- **Data extract**:
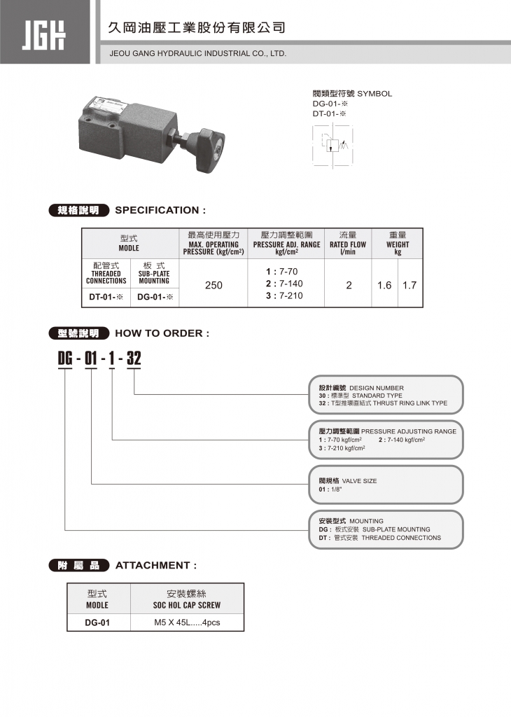 JGH遠程控制溢流閥常規(guī)型號參考:DG-01-1 , DG-01-2 , DG-01-3 , DT-01-1 , DT-01-2 , DT-01-3
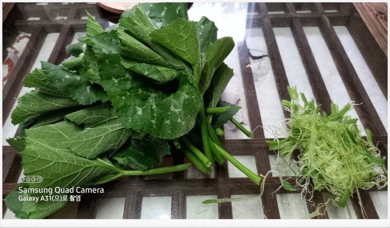 살~살~ 잡아당기면 딸려 나오는 호박잎의 근육질
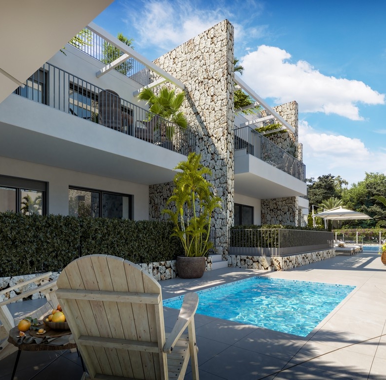 The apartments will have two communal pools, one for children, and landscaped garden areas to enjoy the wonderful Mediterranean climate. All this is just 100 metres from the nearest beach cove.
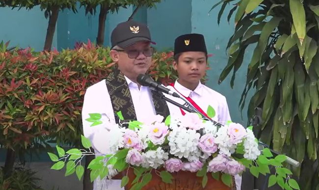 Hari pertama masuk sekolah pada Senin, 14 Juli 2025 di SD Negeri 16 Sumbawa berlangsung meriah. Bukan kepala sekolah, pembina upacara tahun ajaran baru 2025/2026 adalah Menteri Pendidikan Dasar dan Menengah, Abdul Mu'ti.
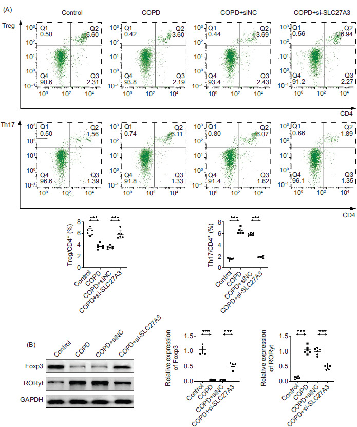 Figure 4 Knockdown of SLC27A3 restores Th17/Treg balance in COPD mice. (A) Flow cytometry was used to detect the proportion of Treg and Th17 cells. (B) Western blotting to detect Foxp3 and RORγt protein expression. Values are presented as mean ± SD. ***p < 0.001. n=6.
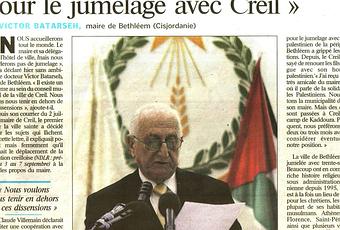 La solidarité avec la Palestine est un combat. Je l'ai expliqué à plusieurs reprises sur ce blog mais aussi dans dans les réunions de Creil Palestine, dans celles de la municipalité, au conseil municipal, on ne peut pas mettre dos à dos Israël et la Palestine. D'un côté il y a un occupant, de l'autre il y a un occupé. D'un côté sévit la domination coloniale, de l'autre un peuple souffre quotidiennement de cette domination. C'est le postulat sans lequel on ne peut prétendre engager une action de solidarité avec le peuple palestinien. Je l'ai dit et redit, rien ne sert de polémiquer. Ce qui compte c'est de servir la cause d'un peuple opprimé et d'agir pour la paix. Beaucoup de temps a été perdu en polémiques inutiles. Au Conseil municipal, les élus communistes ont refusé de participer à ces polémiques. Ils ont fait preuve de volonté unitaire en votant à la fois la délibération présentée par le maire et la motion présentée par l'opposition. Cette attitude a été très appréciée comme me l'ont dit de nombreux citoyens, dont certains sont loin d'être communistes. Car lorsqu'on veut un jumelage il n'est pas pensable de se présenter divisés, il faut montrer une volonté commune, montrer à nos frères palestiniens que nous sommes tous ensemble pour défendre leur juste cause. J'ai pour ma part fait appel à la responsabilité de chacun pour avancer dans la voie de la solidarité et de la coopération sans juger aucun de mes collègues élus en partant du principe que chacun était un partisan et artisan de la paix. Aujourd'hui on ne peut que regretter que le temps perdu par ces dissensions inutiles ait conduit à ce que nos amis palestiniens s'interrogent sur l'opportunité d'un jumelage avec notre ville. Tout en respectant l'opinion d'autrui, j' ai dit également qu'il n'était pas dans les circonstances actuelles envisageable de jumeler notre ville avec une ville d'Israël si nous voulions aboutir à un jumelage avec une ville palestinienne et un camp de réfugiés : je crois que les faits m'ont donné raison. Je publie ci-dessous l'interview du maire de Bethleem recueillie par le quotidien "Le Parisien" de ce samedi 11 juillet. Il faut continuer le combat, il faut ne jamais baisser les bras face aux difficultés. Avec les élus communistes nous continuerons d'agir pour rassembler les Creillois, dans leur diversité, pour réussir. L'urgence et la priorité est d'agir pour nous jumeler avec le camp de Qadura parce que les camps de réfugiés ont besoin de soutien politique et de coopération. Nous allons nous y consacrer, au delà des polémiques et nous y parviendrons !
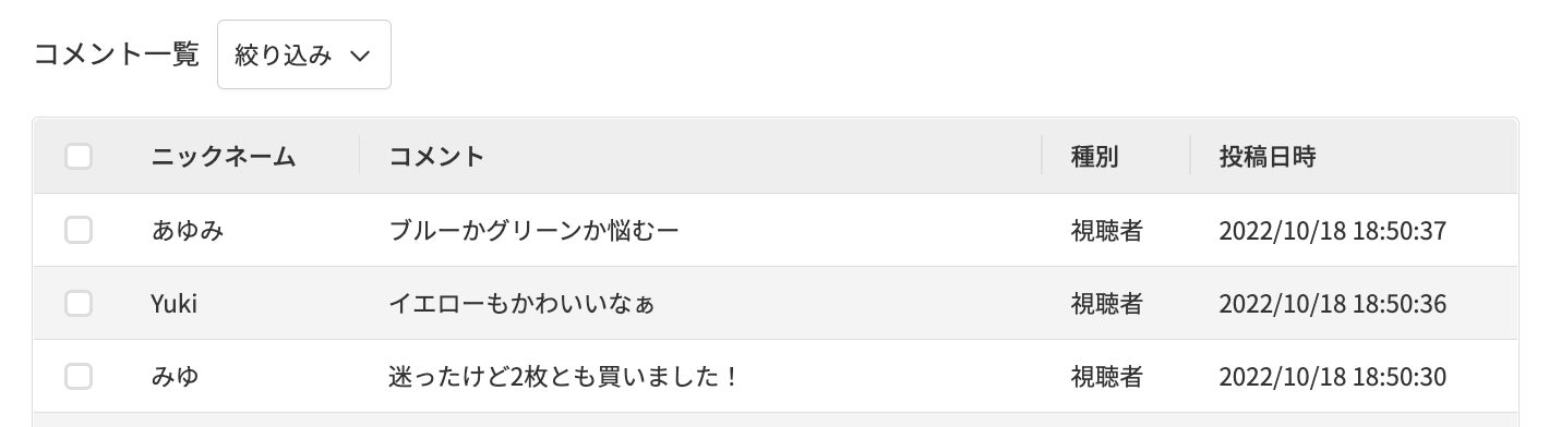 定量データだけではありません。SNSライブのアーカイブ動画では消えてしまうライブ中の「視聴者コメント」も、「Live cottage」では後から振り返ることができるようになっており、定性データでライブを振り返ることも可能です。
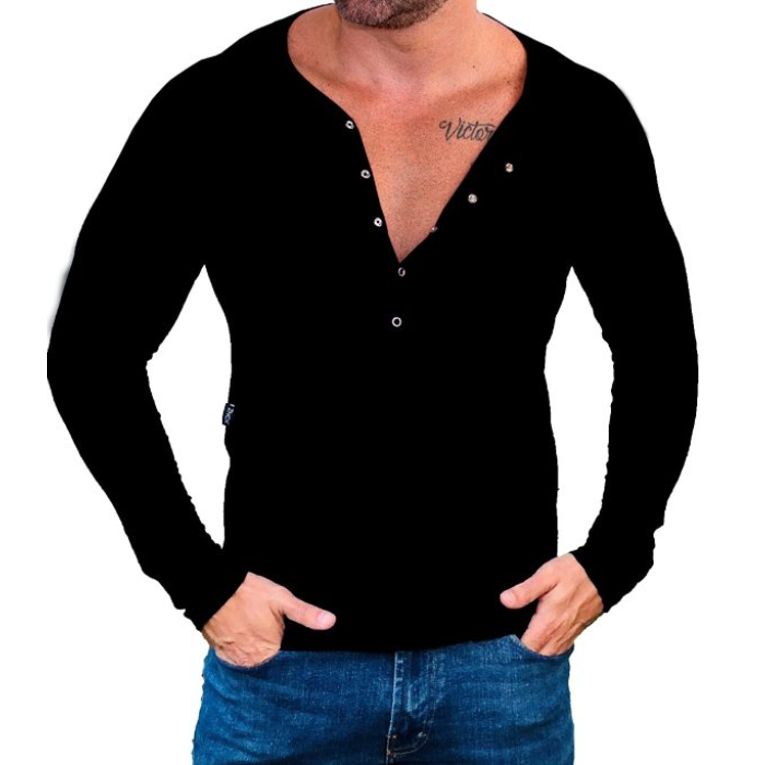 Camiseta Henley Masculina J Silver Slim Fit Manga Longa 2 Botões - 6 CORES DISPONÍVEIS
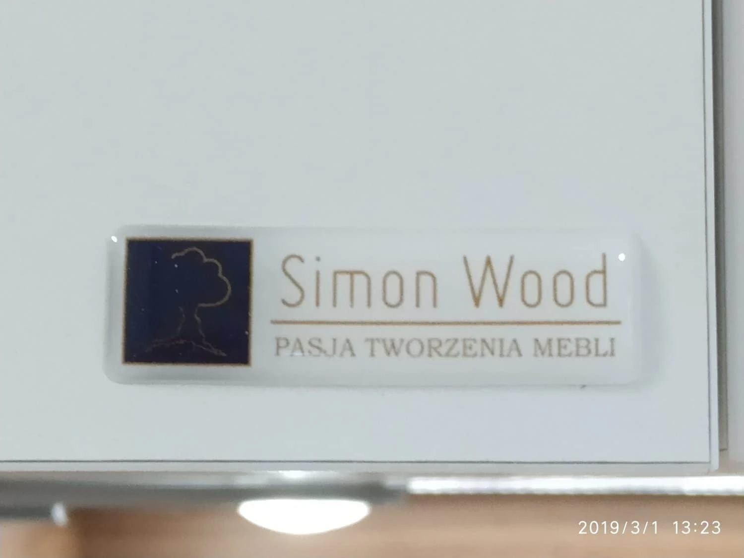 naklejki wypukłe na meblach z logo Simon Wood
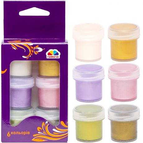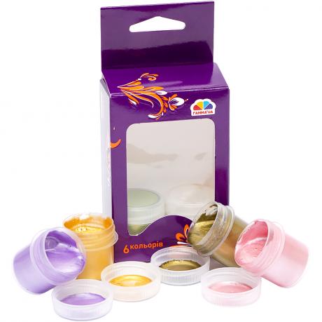 6 перламутрових кольорів, обсяг фарби одного кольору 10 мл. Гуашшю можна працювати не тільки на папері, а й на полотні, на тканині, картоні, фанері. Гуаш широко застосовується в декораційного живопису, при виконанні різних ескізів. Обсяг: 60 мл (6х10 мл)
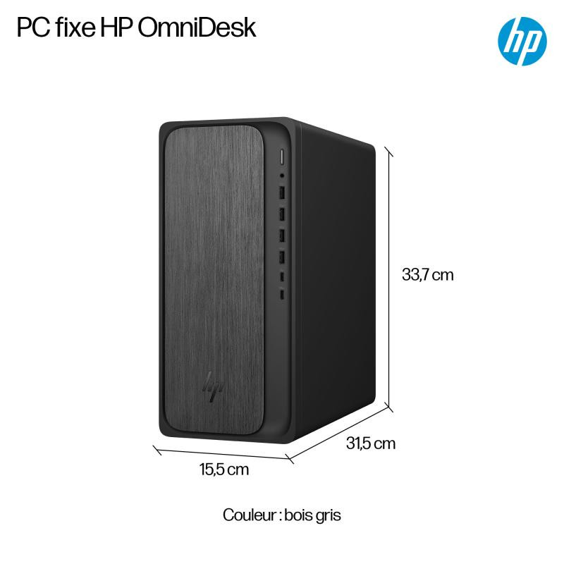 L’ordinateur HP OmniDesk est conçu avec une garniture moderne inspirée du bois gris qui se fond dans n’importe quel espace.

- **Your assignment**: Leaving all pictures out, output exactly the lines of the material above from the line with "살~살~ 잡아당기면 딸려 나오는 호박잎의 근육질" to the line with "Hari pertama masuk", both included.

- **Task result**:
 살~살~ 잡아당기면 딸려 나오는 호박잎의 근육질
 The apartments will have two communal pools, one for children, and landscaped garden areas to enjoy the wonderful Mediterranean climate. All this is just 100 metres from the nearest beach cove.
 Hari pertama masuk sekolah pada Senin, 14 Juli 2025 di SD Negeri 16 Sumbawa berlangsung meriah. Bukan kepala sekolah, pembina upacara tahun ajaran baru 2025/2026 adalah Menteri Pendidikan Dasar dan Menengah, Abdul Mu'ti.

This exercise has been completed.